### [TASK GOAL]
The lines you should transcribe are those from the one containing "レディース ふわふわ フェイクファーコート" to the end of the listing below, exactly, with pictures left out.

### [GIVEN INFORMATION]
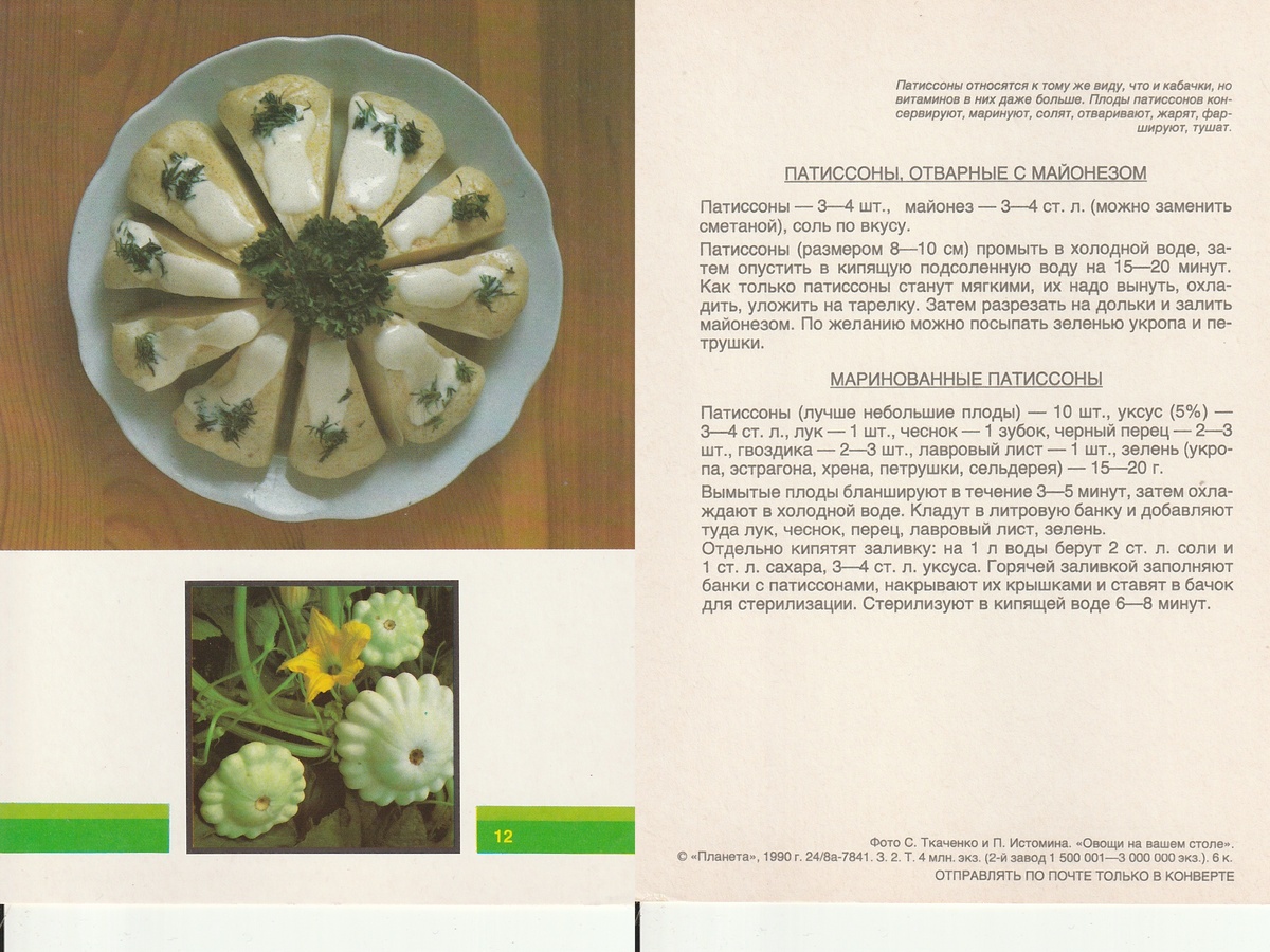 Патиссоны — удивительные овощи, которые часто остаются в тени своих более популярных родственников: кабачков и тыкв. Однако эти «тарелочные тыковки» (именно так переводится их название с французского *pâtisson*) заслуживают особого внимания. Они не только богаты витаминами, но и обладают нежным вкусом, который раскрывается в самых разных блюдах — от простых закусок до изысканных гарниров. В этом посте мы разберем два классических рецепта из советской кулинарной книги «Овощи на вашем столе» (1990 г.), а также погрузимся в историю, пользу и малоизвестные факты о патиссонах.
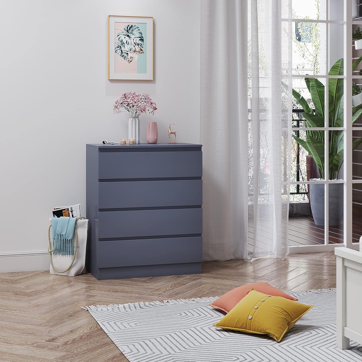 Panana Wooden 3/4/5/6 Chest Of Drawers with Metal Runner Modern Bedroom Bedside Storage Cabinet Unit for Hallway Living Room (Gray, 4 Drawer Chest)
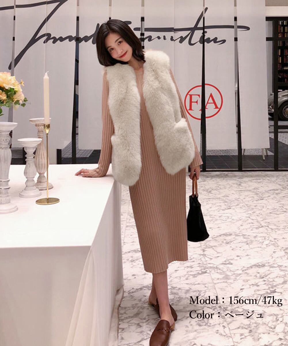 レディース ふわふわ フェイクファーコート ノースリーブ ファージャケット おしゃれ 秋冬アウター 暖かい中綿 裏地付き
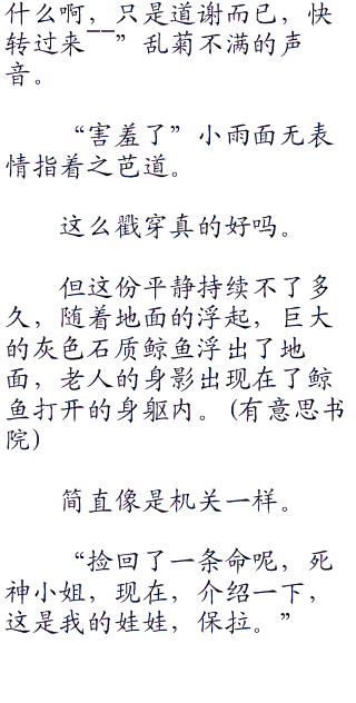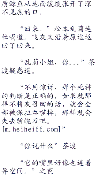 下一秒,灰色泥沙从原地涨开,一道巨大的灰色身影冲出了地面,乱菊身在半空中,猛地抬起了头,背后黑影笼罩的地方,那巨大的灰色身影竟是一只造型诡异的鲸鱼。

### [OUTPUT FOR THIS TASK]
 レディース ふわふわ フェイクファーコート ノースリーブ ファージャケット おしゃれ 秋冬アウター 暖かい中綿 裏地付き
 下一秒,灰色泥沙从原地涨开,一道巨大的灰色身影冲出了地面,乱菊身在半空中,猛地抬起了头,背后黑影笼罩的地方,那巨大的灰色身影竟是一只造型诡异的鲸鱼。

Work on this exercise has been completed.